The shift interlock solenoid is located underneath the shifter console right alongside the shifter lever.  To access the shift interlock solenoid, you must remove the center console.

READ THIS Before Replacing the Shifter Interlock Solenoid: In some instances the shift interlock solenoid can malfunction when a beverage or other sticky liquid is spilled and leaks down through the shifter console and onto the solenoid or locking mechanism.

In these instances, cleaning the solenoid and locking mechanism with Q-tips and alcohol may resolve the problem.

Shift Interlock Solenoid Replacement Cost…
Repair Shop Cost: $140 to $200+
Do-it-Yourself Cost: $35 to $75 (Cost of solenoid)

3) Open Circuit
An open circuit in the shift interlock electrical system can cause the shifter to become stuck in Park if the open circuit interrupts communications between the brake light switch or the ignition switch and the interlock solenoid.

Check for power at the shift interlock solenoid.  With the ignition switch in the “ON” or “RUN” position and the brake pedal depressed, use an digital multi-meter to check for power at the solenoid.  If power is present, the shifter interlock solenoid is bad.

Cost to Locate and Repair Open Electrical Circuit...
Repair Shop Cost: $80 to $100+ per hour
Do-it-Yourself Cost: $0 (Require testing using a multi-meter)

4) Malfunctioning Ignition Switch

A less common cause for a shifter being stuck in park is a badly worn or faulty ignition switch.  What happens here is that the ignition switch, (even after being turned to the “ON” position), does not send a signal to the shift interlock solenoid indicating that the ignition is ON.  The shift interlock mechanism will remain in the locked position until the interlock solenoid receives a signal from the ignition switch indicating that it is in the “ON” position.

Ignition Switch Replacement cost…
Repair Shop Cost: $150 to $200+
Do-it-Yourself Cost: $25 to $75 (Cost of ignition switch)
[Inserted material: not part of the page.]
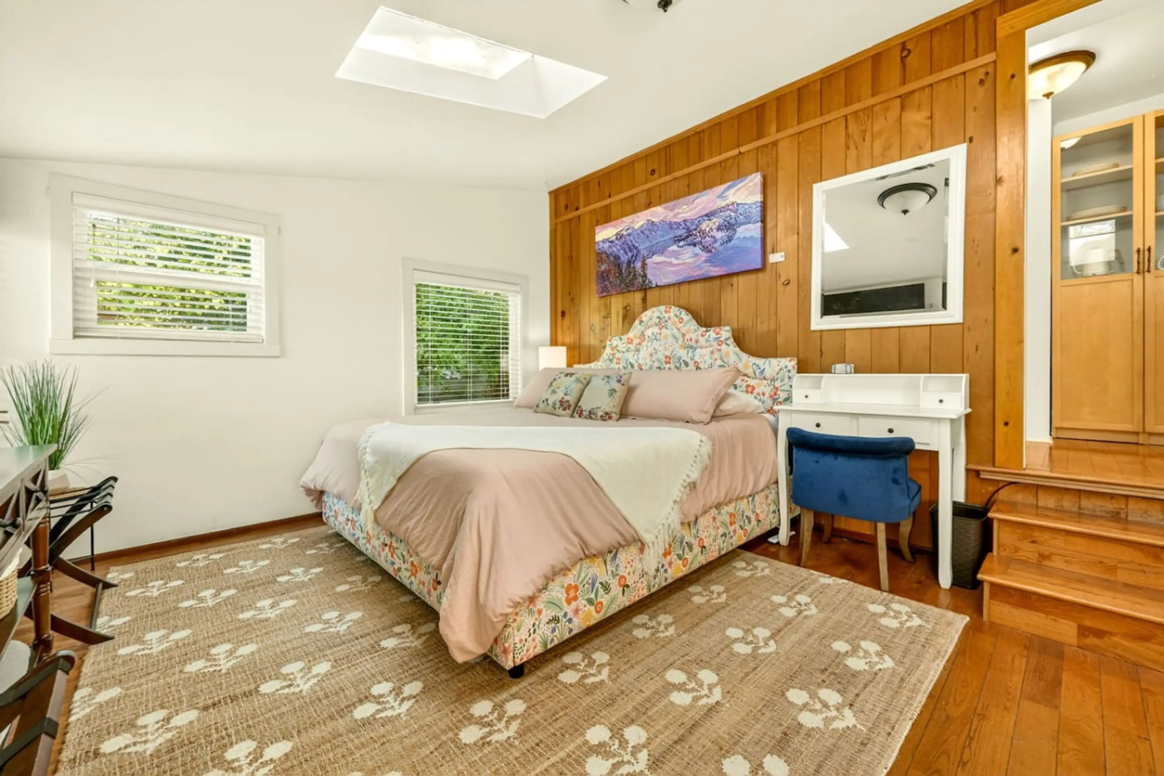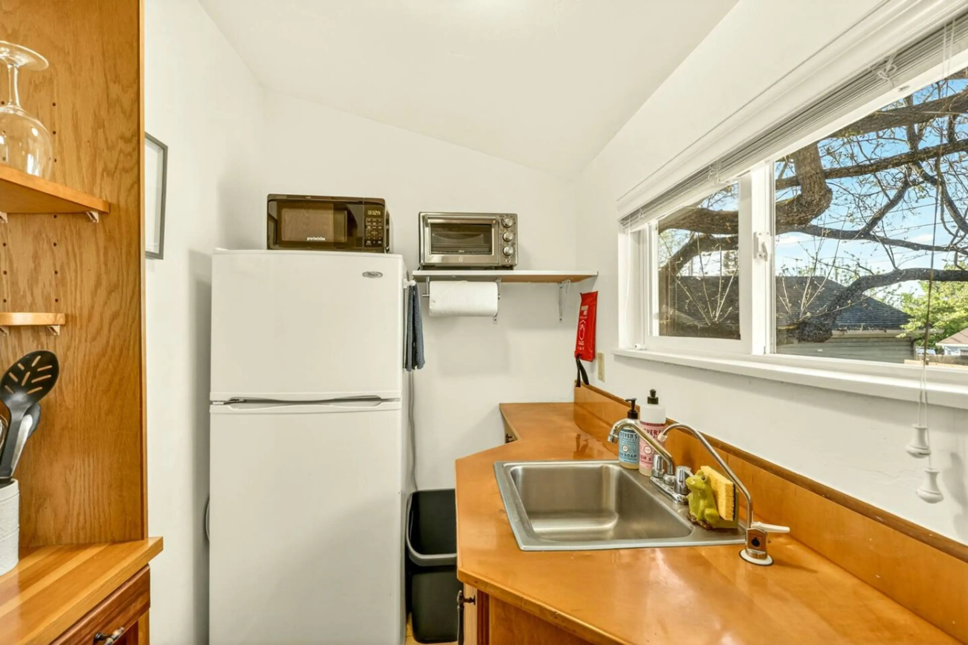 Welcome to this bright, spacious studio for two just steps from downtown Ashland & OSF. Sink into a comfy king bed with TV, enjoy meals at the bistro table, & cook easy favorites in the well‑equipped kitchenette (toaster oven + hot plate; no full oven). You'll also have a full bathroom with shower. ...

5) Transmission Parking Pawl

The Transmission Parking Pawl is the least likely cause for a shifter being stuck in Park.  But, it does happen.  The two main factors that point to the parking pawl as the possible culprit are;

1) the shifter lock bypass procedure described above does not release the shifter
2) you are parked on an incline and you did not set the emergency brake before shifting into Park.